I meant \(du=f'(x)~dx\)

- SolomonZelman

should i give ordinary, reg. example?

- Abhisar

Yes, please c:

- SolomonZelman

\(\large\color{black}{ \displaystyle \int_{2}^{4} 2x\cdot (x^2-3)^{100}dx }\)
you don't want to epand, do you? O~O
you set \(u=x^2-3\)
and then
\(du=2x~dx\) (see how nice it is that you have that "2x" part in the integral)
and when x=2, u=\((\color{red}{2}^2-3)=1\) (because u in relation to x is x²-3)
and when x=4, u=\((\color{red}{4}^2-3)=13\)
So you get:
\(\large\color{black}{ \displaystyle \int_{1}^{13} (u)^{100}du }\)

- SolomonZelman

and then the rest in that example is obvious (note, that I change the limits of integration equivalently, so you don't need to sub back the x)

- arindameducationusc

I did it in a different way..... (I dont understand why it should be wrong)
|dw:1440428321372:dw|
I multiplied the brackets

- Abhisar

Please, wait....Let me digest it c:

- SolomonZelman

|dw:1440428430105:dw|

- SolomonZelman

take your time

- arindameducationusc

|dw:1440428440544:dw|

- ganeshie8

why is \(u\) substitution dropped ?

- SolomonZelman

what do you mean ganeshie?

- SolomonZelman

dropped, as "dropped into the thread" - saying, why is it proposed?
or, "dropper" as left out?

- SolomonZelman

dropped*

- ganeshie8

im asking why are you expanding that out instead of simply using \(u\) substitution..

- SolomonZelman

Well, arinda.. propsed that approach as it is also a posibility (in this case) for those that aren't familir with u sub.
I just say that derivative of 3t^2-8t+3 by so I said u sub right off

- SolomonZelman

just *see* (typos, oh my)

- arindameducationusc

One question,

- SolomonZelman

Abhisar, if you want another example let me know ...

- arindameducationusc

Without u substitution... it can be solved this way right?

- ganeshie8

Ahh okay nice :) its just that i felt this problem is begging for \(u\) substitution... expanding it out is somewhat pain...

- SolomonZelman

Yes, arinda it is possible, certainly:)

- arindameducationusc

okay.... :D

- SolomonZelman

not that i would abide by that approach in such case.

- Abhisar

One min, let me try this method on the original problem.

- SolomonZelman

Sure, go ahead:) \(!^\infty\)

- arindameducationusc

I don't know about u substitution, could you guyz teach me?

- SolomonZelman

this is not your question, apologize to remind you-;(

- SolomonZelman

You can make your own tho' there are plenty people (just on this post, certainly on the site) that can help you much better than little me

- arindameducationusc

ya @SolomonZelman
but thanks to @Abhisar to raise this question, I got to know about u substitution!

- Abhisar

Ok, so applying u substitution method on the original problem, I can choose any one as u.
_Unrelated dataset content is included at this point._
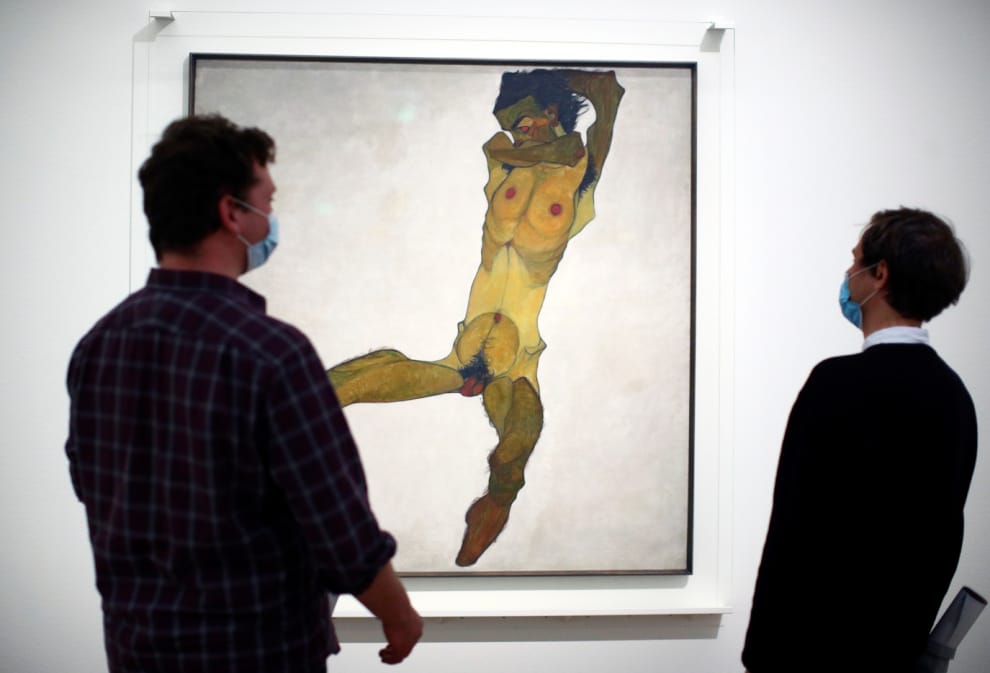 奧地利首都維也納的一眾博物館們一直有個大煩惱,每當它們想在社群媒體上分享包含裸體的藝術品時,老是會被演算法找碴、被認定為色情內容而下架。圖為兩名觀光客,正在奧地利的利奧波德博物館裡欣賞奧地利畫家席勒的作品。

Correct?

- SolomonZelman

Well, you can choose anything technically, but I really don't promise it will be easier if you choose not the ideal one

- SolomonZelman

You know that when you substitute u=f(x)
in any case,
then whatever the derivative of this f(x) is (we will reasonably call it f'(x))
then the new du replaces "f'(x) and dx"

- Abhisar

ok, let's start with \(\sf 3-8t+3t^2\) as u, then \(du = -8+6t\).

- SolomonZelman

Tell me what is the derivative (with respect to t) of \(3t^2-8t+3\) ?

- SolomonZelman

yes, correct LOL

- Abhisar

c:

- Abhisar

Now, what?

- SolomonZelman

and knowing that
u=3t²-8t+3
you can find the corresponding limits of integration
when t=0, u=what?
when t=4, u=what?

- arindameducationusc

I am watching :D Nice.....

- Abhisar

and knowing that
u=3t²-8t+3
you can find the corresponding limits of integration
when t=0, u=3
when t=4, u=19

- SolomonZelman

yes, nice

- Abhisar

ok, now? c:

- SolomonZelman

So, what you do then is:
\(\large\color{black}{\displaystyle\int\limits_{0}^{4}\color{red}{(6t-8)}(3-8t+3t^2)\color{red}{dt}}\)
the red part is replaced by du
and the `3-8t+3t²` piece is your you u, so you put that in too.
Also, put in your new limits of integration that correspond to your "u".
\(\large\color{black}{\displaystyle\int\limits_{3}^{19}(u)\color{red}{du}}\)

- SolomonZelman

the `3-8t+3t²` is your \(\cancel{\rm you}\) u

- SolomonZelman

did i confuse you by typing too much? (sorry for this habit then)

- Abhisar

No it's actually helping me. Wait a sec.

- SolomonZelman

sure

- SolomonZelman

if you don't understand something, then don't hesitate to ask...

- Abhisar

So I write,
\(\large\color{black}{\displaystyle\int\limits_{3}^{19}\color{red}{(-8+6t)}}(3t-4t^2+t3)\)

- SolomonZelman

no, not really... you mixed it up a bit.

- Abhisar

oh .. !, then?

- arindameducationusc

its without -8+6t

- arindameducationusc

the same expression you wrote except that!

- Abhisar

\[\int\limits_{3}^{13}(3t²-8t+3).du\]

- arindameducationusc

right @SolomonZelman ?
no 3 to 19 !! @Abhisar

- Abhisar

\[\int\limits_{3}^{19}(3t²-8t+3).du\]
Sorry , Typo

- arindameducationusc

yup, hope so

- SolomonZelman

\(\large\color{black}{\displaystyle\int\limits_{0}^{4}(-8+6t)(3t^2-8t+3)dt}\)
You are starting from \(\color{blue}{u=3t^2-8t+3}\)
(You are sort of doing a chain rule for u)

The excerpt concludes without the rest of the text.